* AIM OF THE EXERCISE:
The exercise calls for a faithful copy of all the data.

+---+

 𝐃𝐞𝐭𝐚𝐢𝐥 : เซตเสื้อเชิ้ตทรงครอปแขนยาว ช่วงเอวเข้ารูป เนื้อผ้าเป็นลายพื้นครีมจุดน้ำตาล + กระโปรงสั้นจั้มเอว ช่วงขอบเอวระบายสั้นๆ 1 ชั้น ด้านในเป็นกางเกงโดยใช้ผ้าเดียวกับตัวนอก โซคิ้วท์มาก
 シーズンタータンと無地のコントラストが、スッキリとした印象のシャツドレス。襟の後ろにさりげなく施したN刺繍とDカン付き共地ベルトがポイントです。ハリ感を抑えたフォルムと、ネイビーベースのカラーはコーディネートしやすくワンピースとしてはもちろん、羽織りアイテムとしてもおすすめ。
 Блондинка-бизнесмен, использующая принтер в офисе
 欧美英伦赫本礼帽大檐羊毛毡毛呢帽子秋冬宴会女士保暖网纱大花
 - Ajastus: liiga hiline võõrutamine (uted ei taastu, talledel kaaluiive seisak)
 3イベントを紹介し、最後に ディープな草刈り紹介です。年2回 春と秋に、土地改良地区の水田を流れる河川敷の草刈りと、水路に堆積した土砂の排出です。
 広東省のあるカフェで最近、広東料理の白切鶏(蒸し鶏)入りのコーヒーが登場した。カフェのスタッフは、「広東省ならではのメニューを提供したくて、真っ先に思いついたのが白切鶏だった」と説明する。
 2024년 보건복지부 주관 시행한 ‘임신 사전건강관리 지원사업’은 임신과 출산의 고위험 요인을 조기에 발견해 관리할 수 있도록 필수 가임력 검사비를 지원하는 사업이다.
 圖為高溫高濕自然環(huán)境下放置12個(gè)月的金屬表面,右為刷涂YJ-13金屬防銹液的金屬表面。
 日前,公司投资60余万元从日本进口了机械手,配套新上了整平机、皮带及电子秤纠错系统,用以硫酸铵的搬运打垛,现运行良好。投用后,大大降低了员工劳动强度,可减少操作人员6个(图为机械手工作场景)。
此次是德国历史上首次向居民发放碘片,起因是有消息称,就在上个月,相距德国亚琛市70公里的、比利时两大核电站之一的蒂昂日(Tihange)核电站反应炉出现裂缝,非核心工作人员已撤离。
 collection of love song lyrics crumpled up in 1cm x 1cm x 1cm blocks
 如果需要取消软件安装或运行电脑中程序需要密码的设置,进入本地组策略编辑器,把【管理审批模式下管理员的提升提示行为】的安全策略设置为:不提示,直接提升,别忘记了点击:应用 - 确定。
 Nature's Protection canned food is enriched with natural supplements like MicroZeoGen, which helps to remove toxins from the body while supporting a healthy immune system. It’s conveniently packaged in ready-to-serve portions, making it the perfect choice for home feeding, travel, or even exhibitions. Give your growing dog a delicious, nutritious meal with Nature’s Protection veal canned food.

+---+

* RESULT BELOW:
 𝐃𝐞𝐭𝐚𝐢𝐥 : เซตเสื้อเชิ้ตทรงครอปแขนยาว ช่วงเอวเข้ารูป เนื้อผ้าเป็นลายพื้นครีมจุดน้ำตาล + กระโปรงสั้นจั้มเอว ช่วงขอบเอวระบายสั้นๆ 1 ชั้น ด้านในเป็นกางเกงโดยใช้ผ้าเดียวกับตัวนอก โซคิ้วท์มาก
 シーズンタータンと無地のコントラストが、スッキリとした印象のシャツドレス。襟の後ろにさりげなく施したN刺繍とDカン付き共地ベルトがポイントです。ハリ感を抑えたフォルムと、ネイビーベースのカラーはコーディネートしやすくワンピースとしてはもちろん、羽織りアイテムとしてもおすすめ。
 Блондинка-бизнесмен, использующая принтер в офисе
 欧美英伦赫本礼帽大檐羊毛毡毛呢帽子秋冬宴会女士保暖网纱大花
 - Ajastus: liiga hiline võõrutamine (uted ei taastu, talledel kaaluiive seisak)
 3イベントを紹介し、最後に ディープな草刈り紹介です。年2回 春と秋に、土地改良地区の水田を流れる河川敷の草刈りと、水路に堆積した土砂の排出です。
 広東省のあるカフェで最近、広東料理の白切鶏(蒸し鶏)入りのコーヒーが登場した。カフェのスタッフは、「広東省ならではのメニューを提供したくて、真っ先に思いついたのが白切鶏だった」と説明する。
 2024년 보건복지부 주관 시행한 ‘임신 사전건강관리 지원사업’은 임신과 출산의 고위험 요인을 조기에 발견해 관리할 수 있도록 필수 가임력 검사비를 지원하는 사업이다.
 圖為高溫高濕自然環(huán)境下放置12個(gè)月的金屬表面,右為刷涂YJ-13金屬防銹液的金屬表面。
 日前,公司投资60余万元从日本进口了机械手,配套新上了整平机、皮带及电子秤纠错系统,用以硫酸铵的搬运打垛,现运行良好。投用后,大大降低了员工劳动强度,可减少操作人员6个(图为机械手工作场景)。
此次是德国历史上首次向居民发放碘片,起因是有消息称,就在上个月,相距德国亚琛市70公里的、比利时两大核电站之一的蒂昂日(Tihange)核电站反应炉出现裂缝,非核心工作人员已撤离。
 collection of love song lyrics crumpled up in 1cm x 1cm x 1cm blocks
 如果需要取消软件安装或运行电脑中程序需要密码的设置,进入本地组策略编辑器,把【管理审批模式下管理员的提升提示行为】的安全策略设置为:不提示,直接提升,别忘记了点击:应用 - 确定。
 Nature's Protection canned food is enriched with natural supplements like MicroZeoGen, which helps to remove toxins from the body while supporting a healthy immune system. It’s conveniently packaged in ready-to-serve portions, making it the perfect choice for home feeding, travel, or even exhibitions. Give your growing dog a delicious, nutritious meal with Nature’s Protection veal canned food.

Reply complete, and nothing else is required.